Repeat, word for word and with nothing added, each line from the one containing "I can’t tell" to the final line of the data, keeping both ends. Pictures are not part of the copy.

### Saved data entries
————

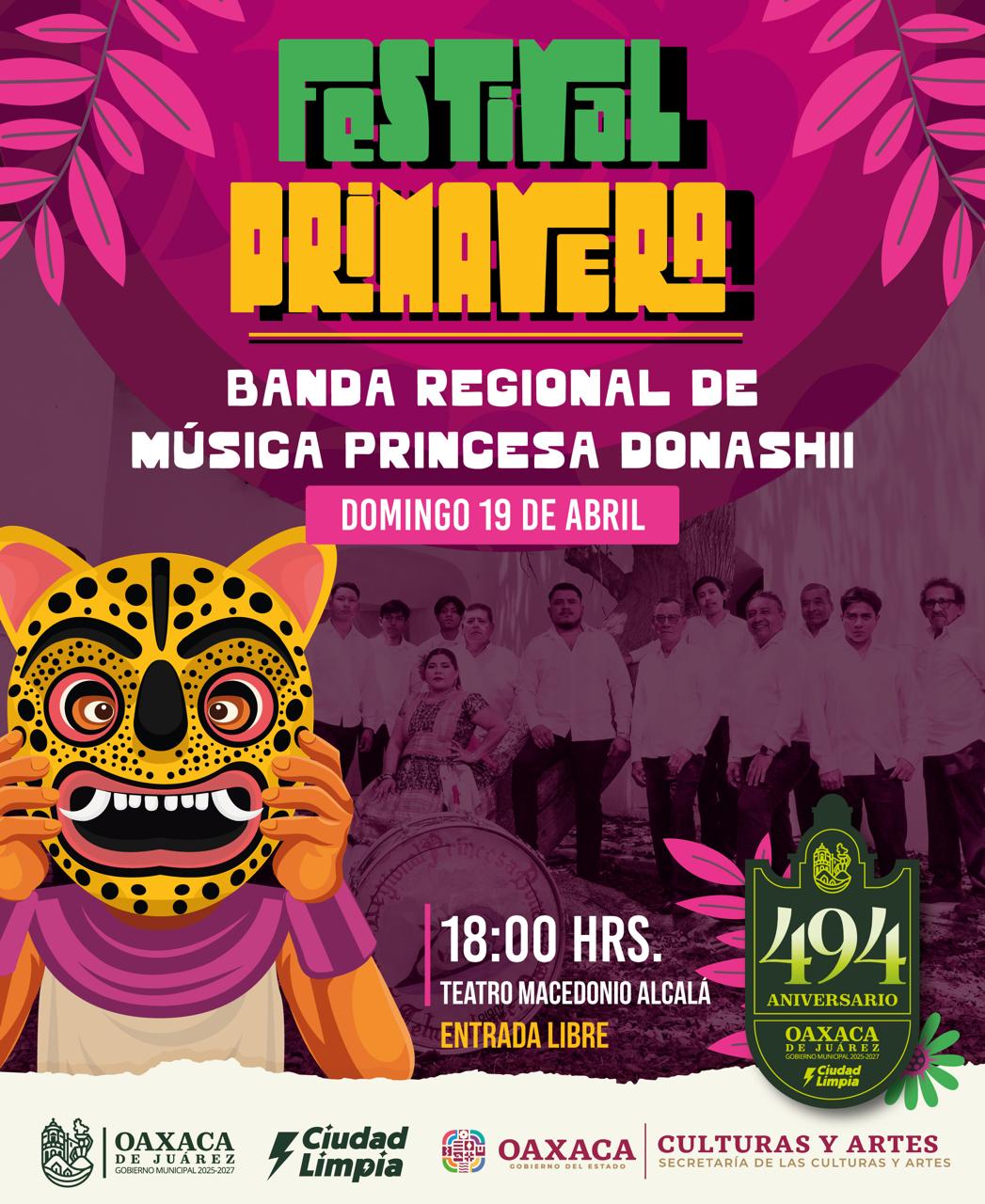 Este domingo comienzan las actividades del Festival Primavera con la presentación de la Banda Regional de Música Princesa Donashii.
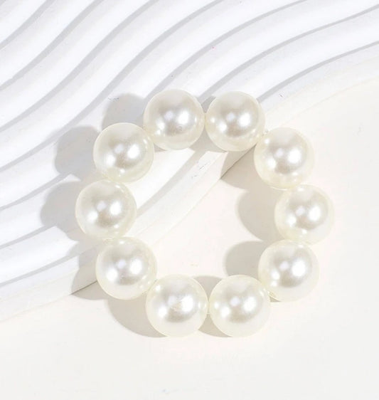 1 pieza de banda para el cabello con perlas sintéticas blancas | Coletero de estilo sofisticado
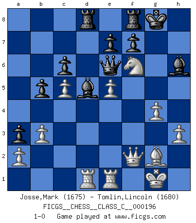 Last move : 1-0 2013 February 8 0:38:23 [Event "FICGS__CHESS__CLASS_C__000196"] [Site "FICGS"] [Date "2013.01.10"] [Round "1"] [White "Josse,Mark"] [Black "Tomlin,Lincoln"] [Result "1-0"] [WhiteElo "1675"] [BlackElo "1680"] 1.d4 d5 2.c4 c6 3.Nf3 Nf6 4.e3 Bf5 5.Nc3 a6 6.Qb3 b5 7.c5 a5 8.Ne5 a4 9.Qd1 g6 10.g4 Be6 11.Bg2 Bg7 12.O-O Qc8 13.h3 h5 14.f3 g5 15.e4 dxe4 16.Bxg5 Nbd7 17.Bxf6 Bxf6 18.Nxe4 Bg7 19.Re1 Nxe5 20.dxe5 a3 21.b3 Ra7 22.Ng3 Rd7 23.Qe2 hxg4 24.fxg4 Qc7 25.Kh1 Rd8 26.Rab1 Qc8 27.Kg1 Bh6 28.Qf3 Bd5 29.Ne4 O-O 30.Qf2 Qd7 31.Rbd1 Qe6 32.Nf6+ 1-0 Mark Josse i think you were better out of the opening not sure about ..h5 was not sure at all as it is difficult to assess until Nf6 appeared Lincoln Tomlin I play the Chebanenko OTB and it's an interesting game for me despite the loss. The plan with h5 still looks okay I think, I'm not sure why i decided to let you keep the e pawn on the board. Hmmm. Ra7 looks very dodgy with hindsight, Dropped pawn and wasting time, any compensation I thought was there soon evapourated. QGD Slav : 4.e3 Bf5 Kingside Castling by player White (move 12) Kingside Castling by player Black (move 29) Player White won this chess game. Follow this game move after move (download)The most important feature of the Chess position is the activity of the pieces. This is absolutely fundamental in all phases of the game: Opening, Middlegame and especially Endgame. The primary constraint on a piece's activity is the Pawn structure. (Michael Stean) Rubinstein ist ein Turmendspiel, welches die Götter vor tausenden von Jahren begannen. (Savielly Grigorievitsch Tartakower) Cuando veas una buena jugada, trata de encontrar otra mejor. (Emanuel Lasker) Ce qui est bien, c'est d'avoir tout un tas de pièces en prise : l'adversaire ne peut en prendre qu'une à la fois. Cité par Thierry Audin. Establishing goals is all right if you don't let them deprive you of interesting detours. (Doug Larson)
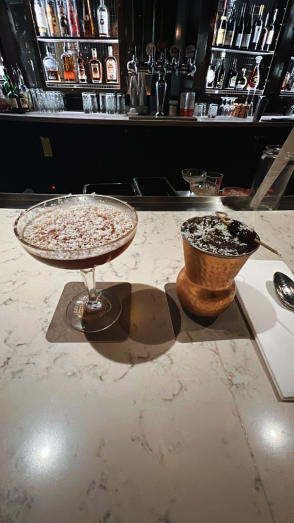I can’t tell you why the last drink of the night has the best photo. I amaze myself and also confuse my own self A LOT. Anyways, the last drink we had! It was another sweet cocktail and my second favorite of the day. It was pretty close to being my first favorite. This drink wasn’t as strong as the last few and we had a little bit of down time before getting this drink. I was better after this.
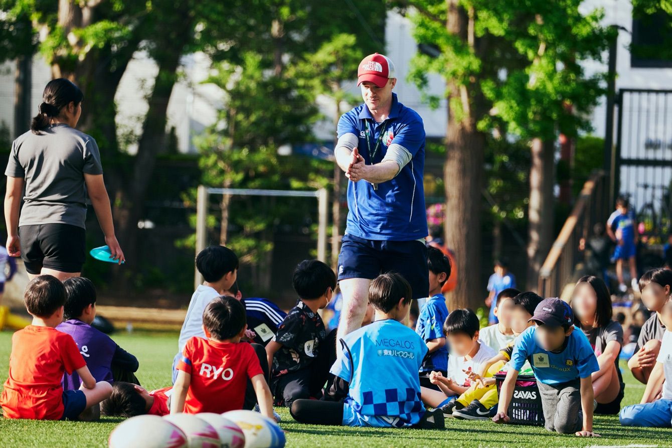 マルバーン体験会でラグビーを教わる参加者たち(2023年5月20日)。

————

### Task result
I can’t tell you why the last drink of the night has the best photo. I amaze myself and also confuse my own self A LOT. Anyways, the last drink we had! It was another sweet cocktail and my second favorite of the day. It was pretty close to being my first favorite. This drink wasn’t as strong as the last few and we had a little bit of down time before getting this drink. I was better after this.
 マルバーン体験会でラグビーを教わる参加者たち(2023年5月20日)。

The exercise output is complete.